The Rev. Henry Teonge, chaplain of one of Charles’s ships-of-war, describes Twelfth-Night on board:

    ‘Wee had a great kake made, in which was put a beane for the king, a pease for the queen, a cloave for the knave, &c. The kake was cut into several pieces in the great cabin, and all put into a napkin, out of which every one took his piece as out of a lottery; then each piece is broaken to see what was in it, which caused much laughter, and more to see us tumble one over the other in the cabin, by reason of the ruff weather.’

The celebrated Lord Peterborough, then a youth, was one of the party on board this ship, as Lord Mordaunt.

The Lord Mayor and Aldermen and the guilds of London used to go to St. Paul’s on Twelfth-Day, to hear a sermon, which is mentioned as an old custom in the early part of Elizabeth’s reign.

A century ago, the king, preceded by heralds, pursuivants, and the Knights of the Garter, Thistle, and Bath, in the collars of their respective orders, went to the Royal Chapel at St. James’s, and offered gold, myrrh, and frankincense, in imitation of the Eastern Magi offering to our Saviour. Since the illness of George III, the procession, and even the personal appearance of the monarch, have been discontinued. Two gentlemen from the Lord Chamberlain’s office now appear instead, attended by a box ornamented at top with a spangled star, from which they take the gold, frankincense, and myrrh, and place them on an alms-dish held forth by the officiating priest.

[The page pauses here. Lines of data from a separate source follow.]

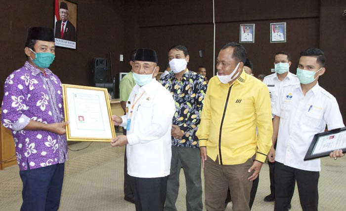 RIAUMANDIRI.ID, PELALAWAN - Para penangkar bibit buah memperoleh sertifikat dari Pemerintah Kabupaten Pelalawan. Sertifikat diserahkan langsung Bupati Pelalawan, HM Harris kepada dua kelompok penangkar, yakni Balai Pelatihan dan Pengembangan Usaha Terpadu (BPPUT) PT Riau Andalan Pulp and Paper (RAPP) dan Kelompok Tani Benih Andalan Pangkalan Kerinci, Rabu (6/5/2020), di Auditorium Kantor Bupati, Pangkalan Kerinci, Kabupaten Pelalawan.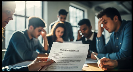 Close-up of a person reading a document with a denied stamp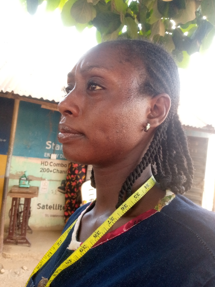A female individual of dark complexion is depicted in a right profile view, looking slightly upwards. She has a black, twisted-braid hairstyle falling to her shoulders and wears a small silver-toned hoop earring in her visible ear. Her lips appear glossy. A yellow measuring tape, marked with black numerals (e.g., 34 to 39 inches), is draped around her neck, resting over a dark blue garment with a patterned collar featuring red, white, and green accents. The scene is outdoors in Maigizo, Nigeria, under bright daylight. In the background to the left, a light blue building wall displays partial text and graphics, including "Star," "ENJOY D," "HD Combo," "200+ Chann," and "Satellite," indicating a service provider advertisement. Below this, a wooden table holds a light green mechanical device, possibly a sewing machine. A person or mannequin wearing a dark, patterned garment is partially visible behind the main subject. Green foliage is present at the top of the frame, and a corrugated metal roof is visible in the far right background. The ground is light-colored soil.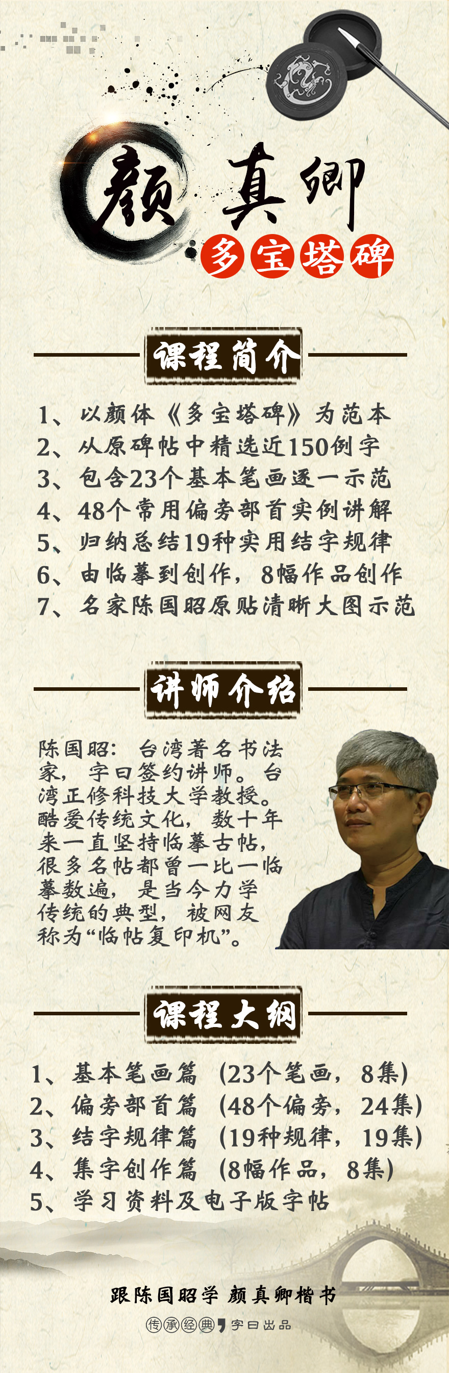 本课程由陈国昭老师主讲,精选颜真卿《多宝塔碑》中的代表性例字,分别从笔画、偏旁、结构、创作等方面进行解析示范。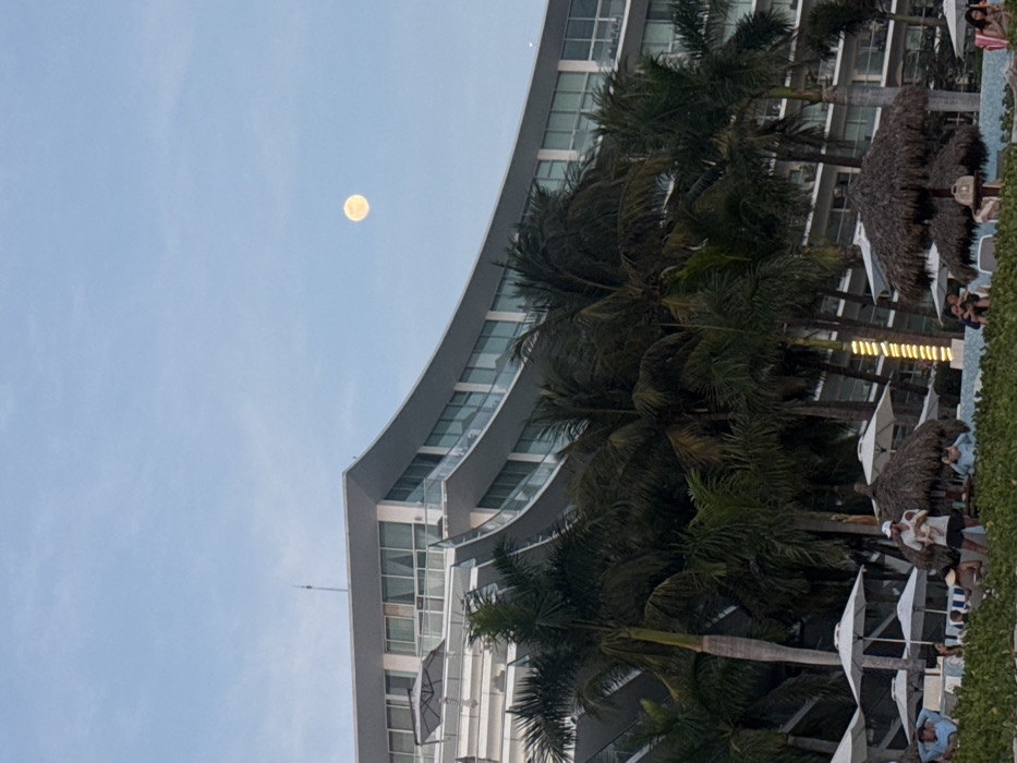 A tall, curved, modern building dominates the scene, with rows of windows and a gray exterior. Palm trees line the side of the building and extend towards the foreground. In the upper left corner of the sky, a bright, full moon is visible. Below, a pool area is visible, populated with umbrellas and tiki huts. People are relaxing and enjoying the poolside amenities.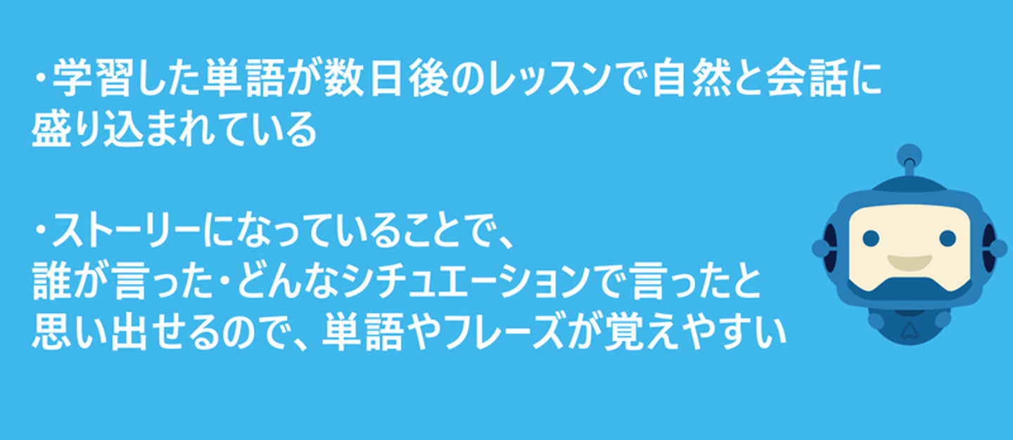 またストーリーが続いていることで、自然に以前に学んだ単語やフレーズが出てくるようにしています。これについても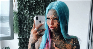 The model has more than 600 inkings, which include a horned woman on her body and skulls on her torso.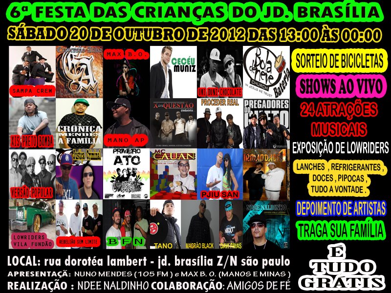 A 6ª Festa das Crianças do JD.Brasília vai levar muito rap para a comunidade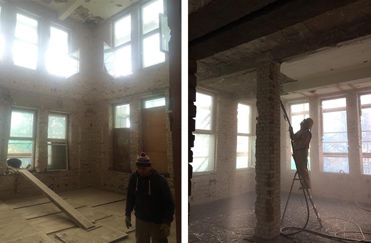 Die Arbeiten am Dach gehen voran. Der Abriss ist fertig. Auf einer Seite wurde das Betondach abgeschliffen und mit Arbeiten an der ersten Abdichtungsebene wurde begonnen. Dies ist die Vorbereitung für die folgende Dämmung.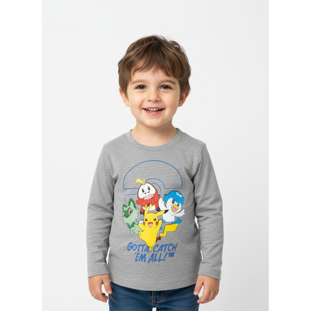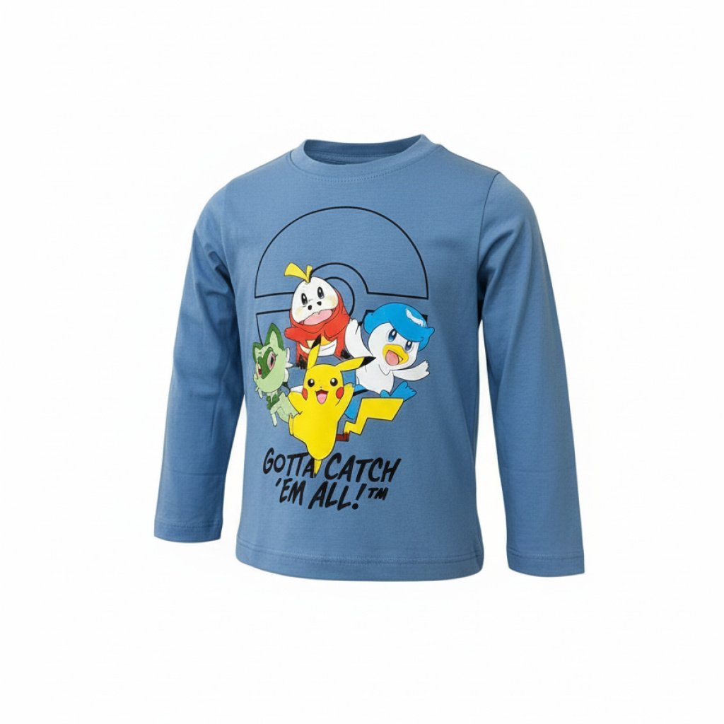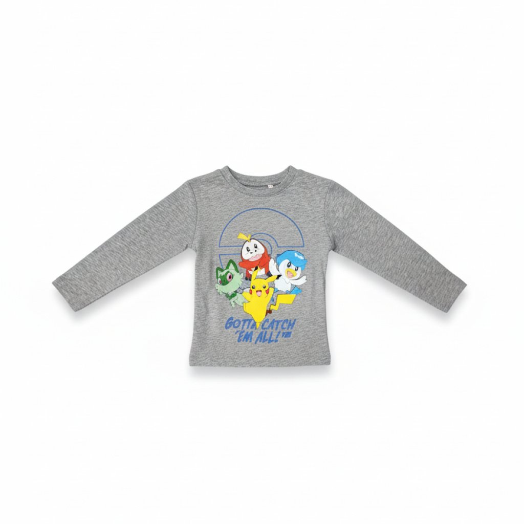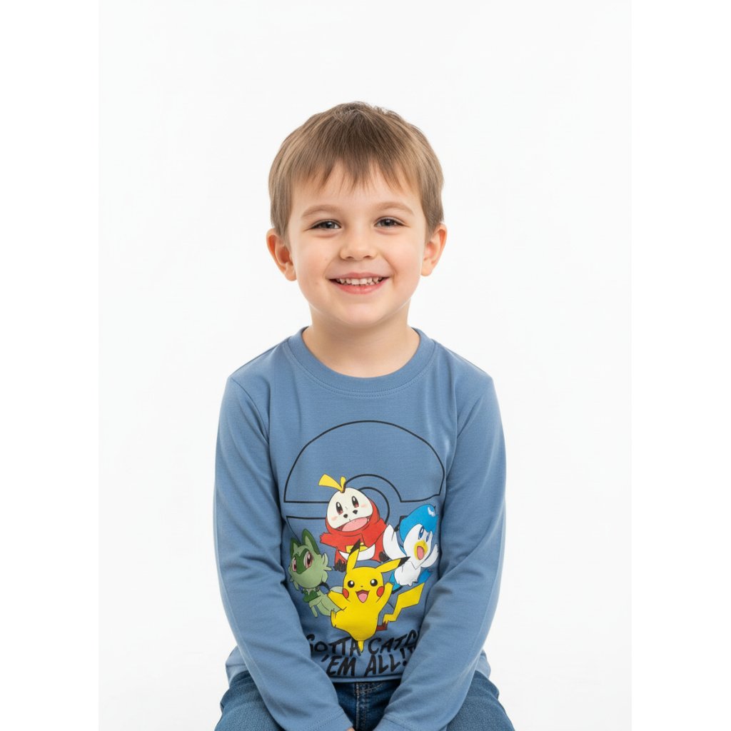 Camiseta de la colección Pokemon, fabricada en algodón con materiales de alta calidad, disponible en dos colores, azul y gris. Tallas de la 4 a la 12.

In the last century, Twelfth-Night Cards represented ministers, maids of honour, and other attendants of a court, and the characters were to be supported throughout the night. John Britton, in his Autobiography, tells us he ‘ suggested and wrote a series of Twelfth-Night Characters, to be printed on cards, placed in a bag, and drawn out at parties on the memorable and merry evening of that ancient festival. They were sold in small packets to pastrycooks, and led the way to a custom which annually grew to an extensive trade. For the second year, my pen-and-ink characters were accompanied by prints of the different personages by Cruikshank (father of the inimitable George), all of a comic or ludicrous kind.’ Such characters are still printed.

The celebration of Twelfth-Day with the costly and elegant Twelfth-cake has much declined within the last half-century. Formerly, in London, the confectioners’ shops on this day were entirely filled with Twelfth-cakes, ranging in price from several guineas to a few shillings; the shops were tastefully illuminated, and decorated with artistic models, transparencies, &c. We remember to have seen a huge Twelfth-cake in the form of a fortress, with sentinels and flags; the cake being so large as to fill two ovens in baking.